The warming up is not here
It is necessary to avoid the measurement of the first kernel call? In my opinion, a delay of about 0,03 ms is too small to be considered.
However, you probably find that in your CUDA code there are some instructions that spend a bigger time than the expected time. Why? Lets see some examples:
cutStartTimer(select); cudaSetDevice(0); cudaThreadSynchronize(); cutStopTimer(select); float *a_h, *a_d; // Pointer to host & device arrays const int N = 10000; // Number of elements in arrays size_t size = N * sizeof(float); a_h = (float *)malloc(size); // Allocate array on host // Initialize host array and copy it to CUDA device for (int i=0; i<N; i++) a_h[i] = (float)i; int block_size = 4; int n_blocks = N/block_size + (N%block_size == 0 ? 0:1); cutStartTimer(Malloc); cudaMalloc((void **) &a_d, size); // Allocate array on device cutStopTimer(Malloc); cudaMemcpy(a_d, a_h, size, cudaMemcpyHostToDevice); // Do calculation on device: int i; for (i = 0; i < 4; i++) { cutStartTimer(kernel); complex_kernel <<< n_blocks, block_size >>> (a_d, N); cudaThreadSynchronize(); cutStopTimer(kernel); times[i] = cutGetTimerValue(kernel); cutResetTimer(kernel); } // Retrieve result from device and store it in host array cudaMemcpy(a_h, a_d, sizeof(float)*N, cudaMemcpyDeviceToHost); cudaFree(a_d); printf (" Time for selecting the device: %f ms\n", cutGetTimerValue(select)); printf (" Time for the malloc: %f ms\n", cutGetTimerValue(Malloc)); for (i = 0; i < 4; i++) printf ("Time for call of the kernel #%d: %f ms\n", i, times[i]);
- The cudaSetDevice
- The cudaMalloc
- The kernel’s calls
The output:
[ivan@machine]$ ./warm Time for selecting the device: 3816.443115 ms Time for the malloc: 0.116000 ms Time for call of the kernel #0: 1.620000 ms Time for call of the kernel #1: 1.596000 ms Time for call of the kernel #2: 1.585000 ms Time for call of the kernel #3: 1.588000 ms
The cudaSetDevice instruction takes about 3,5 s!! It is a big time! More than 2000 times greater than a kernel execution! So lets to comment the cudaSetDevice:
cutStartTimer(select); //cudaSetDevice(0); //cudaThreadSynchronize(); cutStopTimer(select);
And it’s corresponding output:
[ivan@machine]$ ./warm Time for selecting the device: 0.000000 ms Time for the malloc: 3824.311035 ms Time for call of the kernel #0: 1.618000 ms Time for call of the kernel #1: 1.595000 ms Time for call of the kernel #2: 1.593000 ms Time for call of the kernel #3: 1.588000 ms
What happened? In this case, the malloc instruction takes almost 4 s!
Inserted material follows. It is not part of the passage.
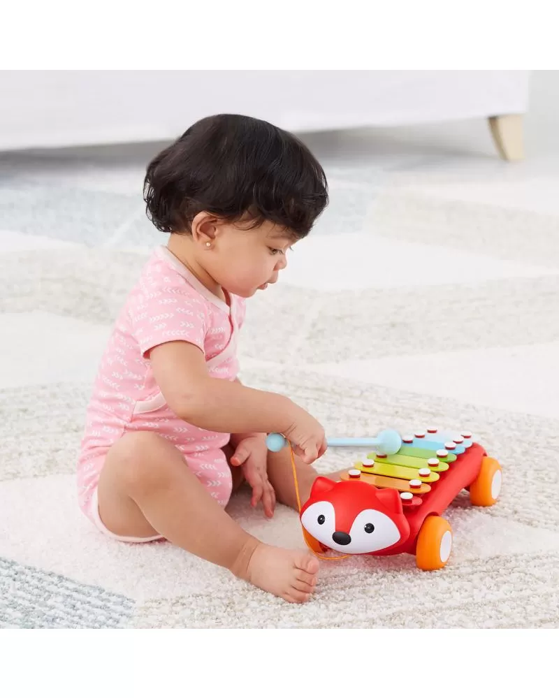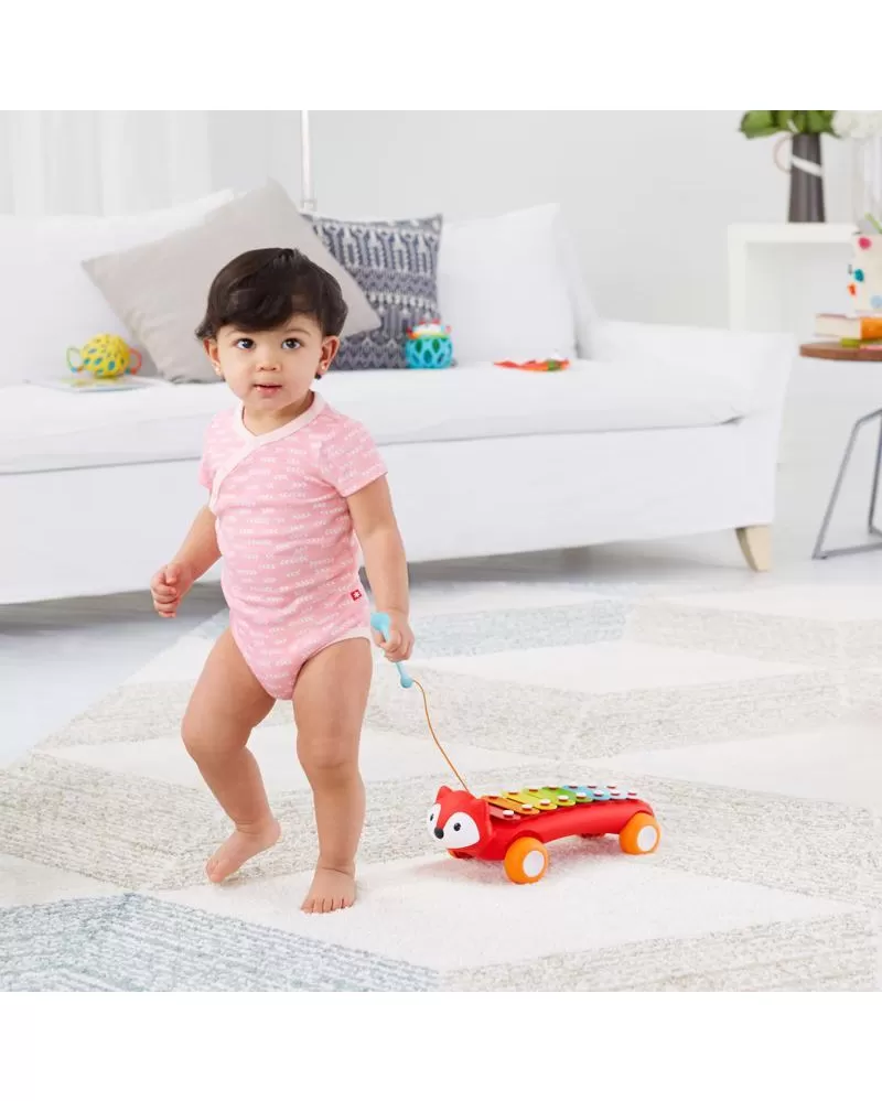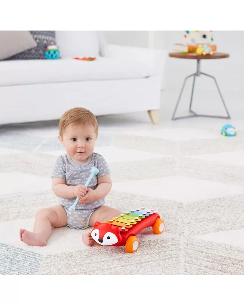 Krásná hračka obsahuje 8 notiček a paličku, kterou lze upevnit na bříšku lišáčka. Díky provázku a 4 kolečkům lze hračkupřeměnit z hudební na tahací a užít si tak ještě více zábavy. Pomáhá k rozvoji motorických vlastností dítěte.

1st conclusion – The first CUDA sentence takes a long time
The first CUDA instruction (cudaSetDevice, a kernel launch, cudaMalloc) will take about 3,5 s more than usual. This CUDA overhead only occurs in the first instruction of a program.
But, there is the only overhead we can find in a CUDA program? Not, lets see what happens if we measure some cudaMalloc:
cutStartTimer(Malloc); cudaMalloc((void **) &a_d, size); // Allocate array on device cudaThreadSynchronize(); cutStopTimer(Malloc); cutStartTimer(secondMalloc); cudaMalloc((void **) &a_d2, size); // Allocate array on device cudaThreadSynchronize(); cutStopTimer(secondMalloc); cudaMemcpy(a_d, a_h, size, cudaMemcpyHostToDevice); cudaMemcpy(a_d2, a_h2, size, cudaMemcpyHostToDevice); // Do calculation on device: int i; for (i = 0; i < 4; i++) { cutStartTimer(kernel); complex_kernel <<< n_blocks, block_size >>> (a_d, N); complex_kernel <<< n_blocks, block_size >>> (a_d2, N); cudaThreadSynchronize(); cutStopTimer(kernel); times[i] = cutGetTimerValue(kernel); cutResetTimer(kernel); } // Retrieve result from device and store it in host array cudaMemcpy(a_h, a_d, sizeof(float)*N, cudaMemcpyDeviceToHost); cudaMemcpy(a_h2, a_d2, sizeof(float)*N, cudaMemcpyDeviceToHost); cudaFree(a_d); //cudaFree(a_d2);
In the preceding code there are two identical cudaMallocs. But the measured times are very differents:
[ivan@machine]$ ./warm
Time for selecting the device: 3818.165039 ms
Time for the malloc: 0.163000 ms
Time for the 2malloc: 0.026000 ms
Time for call of the kernel #0: 3.207000 ms
Time for call of the kernel #1: 3.166000 ms
Time for call of the kernel #2: 3.165000 ms
Time for call of the kernel #3: 3.165000 ms
The first cudaMalloc spends 8 more times than the second one.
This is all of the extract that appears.